Coming off one of the strongest years on record, Houston’s commercial real estate market is poised for more growth in 2014, industry experts said today.
Activity this year may not be quite as strong as it was in 2013 as the job market moderates, but leasing of office space, apartments and shopping centers is expected to remain strong for the coming years.
“The story continues to be very good,” said Mark Taylor, senior managing director of CBRE in Houston, at the company’s quarterly presentation on the commercial real estate market.
Real estate brokers from CBRE presented their outlooks for their respective specialties at a quarterly event Monday.

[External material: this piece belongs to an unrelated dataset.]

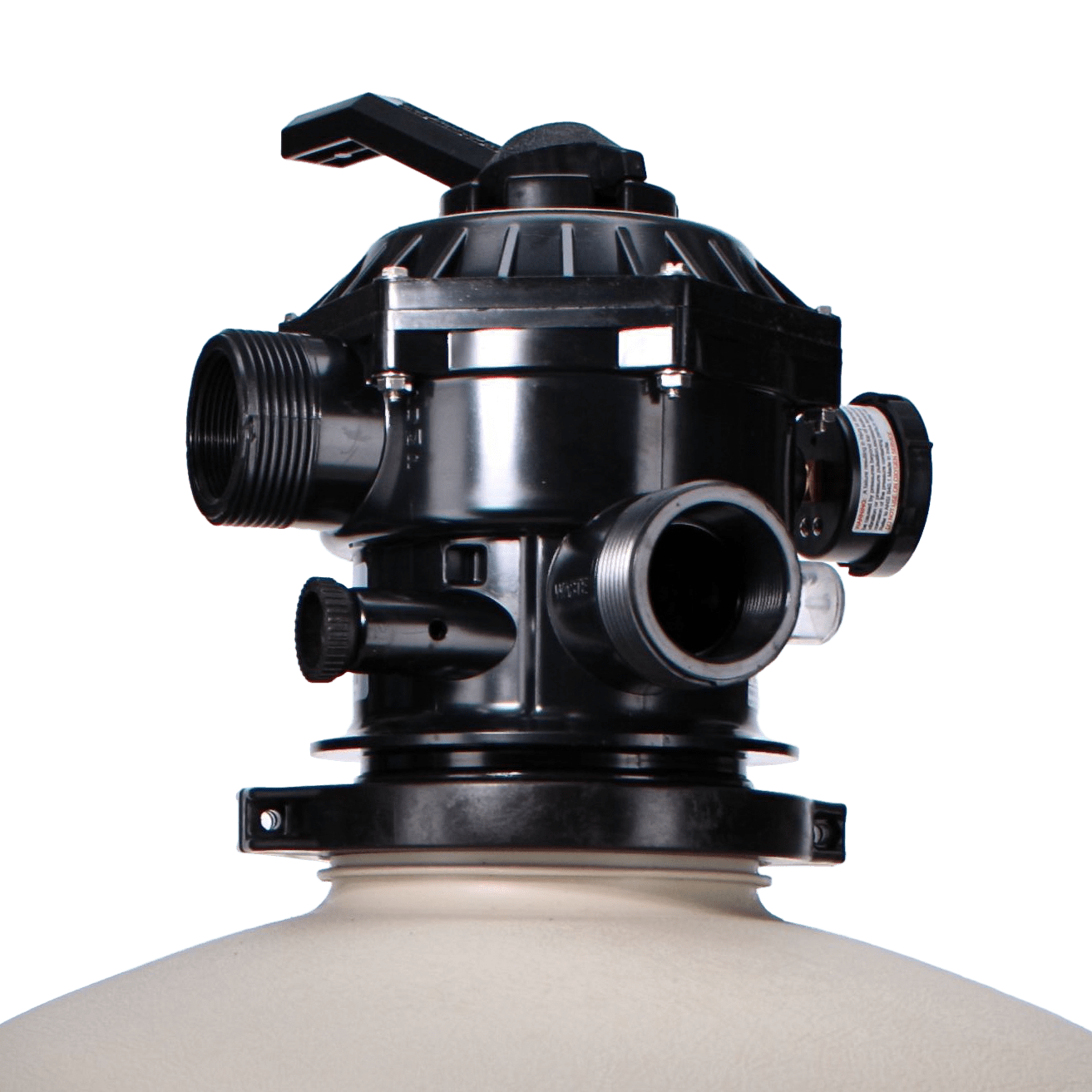• Six-position top mount multiport valve for filter, backwash, rinse, waste, recirculate, and closed functions.

Here’s what they are saying:
- The office market — Companies occupied an additional 4.9 million square feet last year. Demand hasn’t been this strong since 2006. There is 14 million square feet of new space under construction and only a portion of that space is coming onto the market vacant.
- The industrial market — Houston-area industrial space is only 5 percent vacant and 8 million square feet of space is under construction. That’s not much, considering the size of the market.
- The apartment market — Some 6,600 apartments are under construction inside the 610 Loop where the trend is to build upscale complexes near shops, bars and restaurants. Demand from young professionals is pushing up rents, which averaged $1.57 per square foot for the newest units with a high-level of amenities. Rents are up for older apartments too, as builders increasingly tear down the city’s aging stock of apartments reducing supply for so-called “workforce housing.”
- The retail market — Rents in shopping centers, as Houston’s overall retail vacancy was 7.4 percent in the fourth quarter, down from 8 percent the previous year. Only about 2 million square feet of space is under construction, nearly half of which is being built for grocers. But if last year was the year of the grocery store, 2014 will be the year of the pizza place as at least a half-dozen new restaurants specializing in pizza expand here.